With its crema catalana-coloured tiles, whirling ceiling fans and Iberico hams hanging in the window, Copita feels properly Spanish even before you clock the menu. The nicely-burnished bar and the air of not trying too hard doesn’t hurt either. Diners perch on high stools at a choice of wooden counters (tip: if you’re dining solo, try for the one in the window), then settle in to wait for what Copita does best: gently inventive and skilfully cooked tapas.
Almost everything we ate was excellent, from a simple but effective onglet with roasted shallots and chimichurri to a flavour-packed Andalusian chickpea and spinach stew. The black ink squid croquettes will ruin you for any other version, and we adored a plate of broccoli brought to life by gremolata and shaved manchego. The only misfire was a slightly undercooked tentacle and too much enthusiasm with the smoked paprika in an otherwise gutsy dish of octopus with crushed peas and sobrasada.

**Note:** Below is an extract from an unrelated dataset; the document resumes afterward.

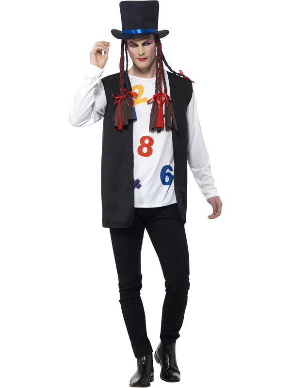 80s Pop Star Costume including Top, Waistcoat and Hat with Braids.

Desserts come paired with by-the-glass suggestions – coffee and burnt milk ice-cream with shortbread plus dolce mataro was a pretty good match, though the ice creams were slightly too subtle for the heavenly raisin taste of the sweet red wine. Drinks in general are a strength: the (Spanish) wines and sherries are all available by the glass (copita). Coffee is excellent, too: the cortado is perfection.
It’s all pretty good value given the location and the quality of the cooking, and you don’t have to order a full meal; the charming staff are happy to serve drinks and a couple of dishes. The background club won’t be to everyone’s taste, but overall, this is a terrific bolthole in the heart of Soho.